Gas isn't like a rare bottle of wine that fetches a high price just because it's rare. But at the same time, no one can agree what drives gas prices. Demand for gasoline in the U.S. is at its lowest point in more than a decade; domestic oil production is at an eight-year high.

There's no simple explanation for why most people are spending $3.60 for a gallon of regular, unleaded gas. But many critics of President Obama's energy policy point to one possible reason: The U.S. isn't fully tapping into the potential supply from Canada and, specifically, a place called the Athabasca Tar Sands in Alberta.
Some are looking to a controversial proposal as a solution: the Keystone XL pipeline.

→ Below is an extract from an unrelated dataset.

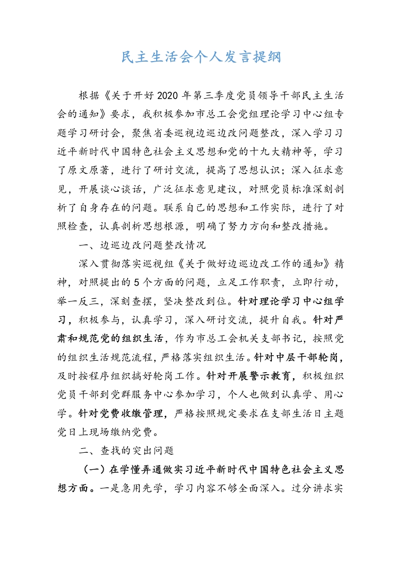 民主生活会个人发言提纲根据《关于开好2020年第三季度党员领导干部民主生活会的通知》要求,我积极参加市总工会党组理论学习中心组专题学习研讨会,聚焦省委巡视边巡边改问题整改,深入学习习近平新时代中国特色社会主义思想和党的十九大精神等,学习了原文原著,进行了研讨交流,提高了思想认识;深入征求意见,开展谈心谈话,广泛征求意见建议,对照党员标准深刻剖析了自身存在的问题。联系自己的思想和工作实际,进行了对照检查,认真剖析思想根源,明确了努力方向和整改措施。一、边巡边改问题整改情况深入贯彻落实巡视组《关于做好边巡边改工作的通知》精神,对照提出的5个方面的问题,立足工作职责,立即行动,举一反三,深刻查摆,坚决整改到位。针对理论学习中心组学习,积极参与,认真学习,深入研讨交流,提升自我。针对严肃和规范党的组织生活,作为市总工会机关支部书记,按照党的组织生活规范流程,严格落实组织生活。针对中层干部轮岗,及时按程序组织搞好轮岗工作。针对开展警示教育,积极组织党员千部到党群服务中心参加学习,个人也做到认真学、用心学。针对党费收缴管理,严格按照规定要求在支部生活日主题党日上现场缴纳党费。二、查找的突出问题(一)在学懂弄通做实习近平新时代中国特色社会主义思想方面。一是急用先学,学习内容不够全面深入。过分讲求实用性,对于习近平总书记关于工人阶级和工会工作的重要论述,学得多,悟得深,领会得透。与工会业务工作结合不够紧密的领域,如习近平总书记关于军队建设、外交国防、民族宗教等方面,仅仅是翻翻报纸、看看新闻,大致了解,知其然不知其所以然。二是理论与实践结合不够紧密,没有做到学以致用。运用习近平总书记党建理论指导机关支部党的建设结合不够紧密,比如,抓党建工作突破性项目力不从心,没有找准工作的切入点和突破点,推动工作成效不大;运用习近平总书记生态文明思想指导打好污染防治攻坚战,往往停留在较低层面,满足于开会部署、发发文件,简单的搞几次志愿服务活动:运用习近平总书记关于工人阶级和工会工作的重要论述指导工会工作,还没有真正破题,离“让职工群众真正感受到工会是职工之家,工会千部是最可信赖的娘家人”的要求,还有不小差距。三是,贯彻落实没有做到一抓到底。在开展党的十九大精神集中宣讲,武装干部职工头脑,把党的意志和主张转化为广大职工的自觉行动方面,没有一抓到底,推动十九大精神进企业、进车间、进班组方面,还有不小的提升空间。(二)在严格落实意识形态责任制方面。一是在抓意识形态工作上,往往注重在重大节日、重大活动的关键节点上真抓实干,平时抓的不紧、抓的不严,如五一集中劳模宣传,十一前集中庆祝新中国成立等抓得比较好,平时抓得不够紧;二是抓意识形态对象多为机关党员干部,面向全市职工的意识形态活动偏少。三是开展意识形态活动形式单一,会议形式偏多。

There are consequences if the Keystone XL isn't built, but there are also issues if it never becomes a reality.

"If Canada can't produce this oil, we'll have higher oil prices than we otherwise would," says Michael Levi, senior fellow for energy at the Council on Foreign Relations.

Late last month, Obama rejected a plan by Calgary-based TransCanada to build a pipeline that would cross seven states and transport up to 700,000 barrels of Canadian oil a day to refineries on the Gulf Coast.

"The Keystone XL pipeline helps make sure that this resource can be developed if it's economically needed," Levy says. "And so that's good for the U.S. economy."